Natascha Mehler, 11 August 2016
Throughout the medieval and early modern period, Icelandic gyrfalcons were highly valued at the courts of European rulers and they were worth a fortune. Indeed, Frederick II (1194-1250), Holy Roman Emperor, already noted in his treatise De arte venandi cum avibus that the best falcons for use in falconry were gyrfalcons (…et isti sunt meliores omnibus aliis, Girofalco enim dicitur). The reason for this was that of all falcon species, gyrfalcons (Falco rusticolus) are the largest and most powerful. Their plumage varies greatly from completely white to very dark, of which the white variety was the most valued hawking bird in the Middle Ages, and still is today. They only inhabit sub-arctic and arctic areas, with their highest population density in Iceland (one pair per 150-300 km²). During the breeding season (roughly February to June) there are today 200-400 nesting pairs in Iceland, and in the winter the population increases to 1.000-2.5000 individuals, due to migrating birds from Greenland.
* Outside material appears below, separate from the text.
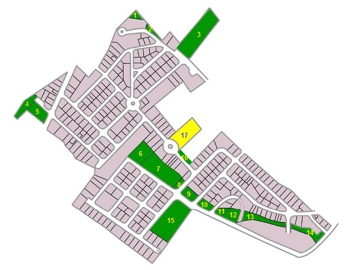 En verde figuran todas las zonas verdes de la Urbanización. El titular catastral de las zonas verdes de la Urbanización es el propio Ayuntamiento según consta en el Registro Catastral.
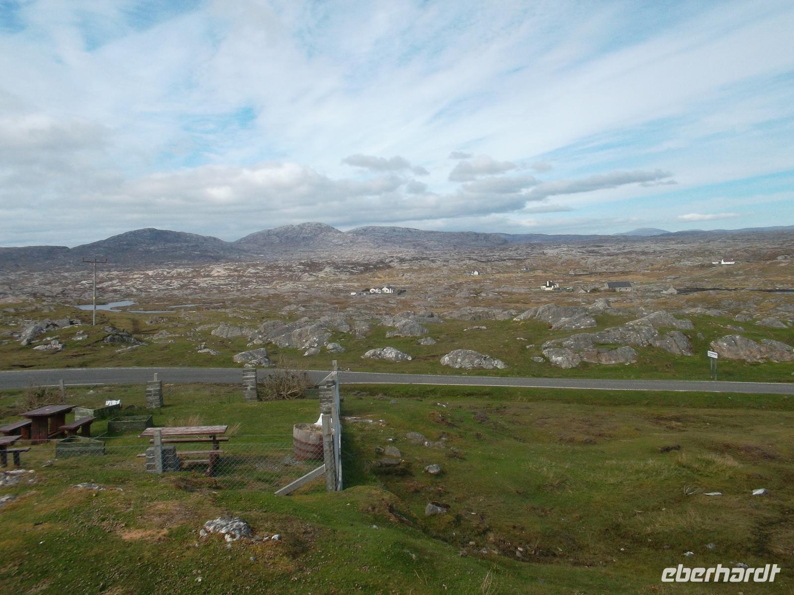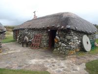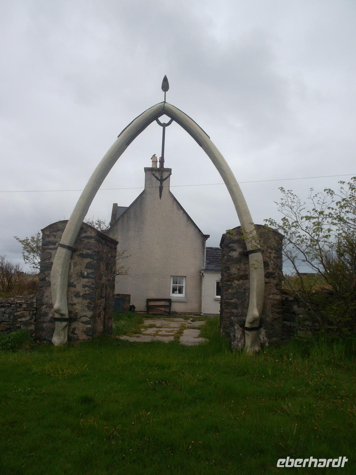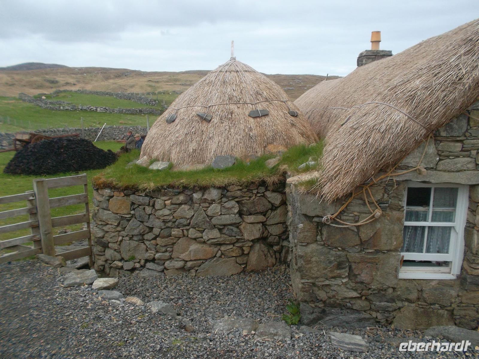 Die nördlichste und größte Insel der über 200 km langen äußeren Hebridenkette hat einiges zu bieten. Durch ein Gebirge statt durch Wasser sind die Inseln Lewis und Harris getrennt. ZUsammedn sind sie fast so groß wie das Großherzogtum Luxemburg und landschaftlich völlig unterschiedlich. Ihre Lage an der westlichen Außenkante Europas in oft extremer Witterung läßt sie weitgehend baumlos, windgepeitscht und karg erscheinen, wobei beide Inseln landschaftlich recht gegensätzlich sind: Lewis ist wesentlich größer als Harris und hat mit fast 20.000 Einwohnern etwa zehnmal soviel Einwohner wie die Nachbarinsel. Lewis ist relativ flach, von Torfmooren bedeckt und bekannt für Steinkreise, Menhire und andere Spuren prähistorischer Besiedlung. Hier wurden auch mittelalterliche und wikingische Reste gefunden, wie die berühmten geschnitzten Schachfiguren. Erst hielten wir an dem fotogenen Hauseingang aus den Unterkieferknochen eines Blauwals um sodann dem Black-House-Hebridendorf Gerannean einen Besuch abzustatten. Das alte Fischerdorf beherbergt heute self-catering Campinghäuser, untergebracht in (restaurierten) „Blackhouses" und liegt direkt am Ozean. Die wegen ihrer rußenden offenen Feuerstelle so genannten „schwarzen Häuser" repräsentieren auf den Hebriden und in Irland den traditionellen Haustyp, in dem Menschen und Tiere, durch eine Wand getrennt, zusammenlebten. Sie waren üblicherweise aus Trockensteinmauern, hatten hölzerne Dachbalken und eine Abdeckung aus Grassoden oder Schilfrohr, oft mit ausgedienten Fischernetzen und Steinbeschwerung gegen die heftigen Winde belegt.

Written sources from the 16th century, when German merchants from Hamburg and Bremen dominated the trade with the North Atlantic islands, give us a better insight into the falcon business with Iceland. Matthias Hoep, a Hamburg merchant, has left behind a collection of account books (1582-1594) which show us that he traded in many commodities such as fish, timber, and tools, and specialized in the trade of falcons. Hoep employed falcon catchers to catch birds in Iceland for him and he made specific contracts with them. The books record a great number of falcons and other birds of prey that he bought from falcon catchers and which he then sold on. On 5 April 1584, Hoep made a contract with the falcon catchers and brothers Augustin and Marcus Mumme which he commissioned to travel to Iceland to catch falcons. The contract specified the bird species, the conditions of the birds upon delivery, and the prices Hoep was going to pay after the successful return of the Mummes from Iceland:
“On 5 April  I have dealt in my house with Augustin and Marcus Mumme, in the name of god, that they shall sail to Iceland in the name of god, and we agreed that I will give for each pair of falcons 11 ½ daler, and 2 tercel [male falcons] for 1 falcon, and what is blank shall be counted as a red [unmoulted] falcon. But what is white and moulted once, or moulted twice and beautiful, for those I shall give them 20 daler for each falcon and 10 daler for a tercel. But what has moulted three times we shall agree upon with good will, and if god and luck provides them with white falcons, I will give the one who catches them black cloth for a jacket of 2 ½ ells, all of this is validated with a denarius dei of 1 sosling each, and both brothers have promised with an oath to bring the best birds they can get and to take no birds away, neither in Iceland nor during the journey back, until they have all been delivered to me.“
Roughly five months later, in September 1584, the brothers returned from Iceland and handed over 49 birds to Matthias Hoep.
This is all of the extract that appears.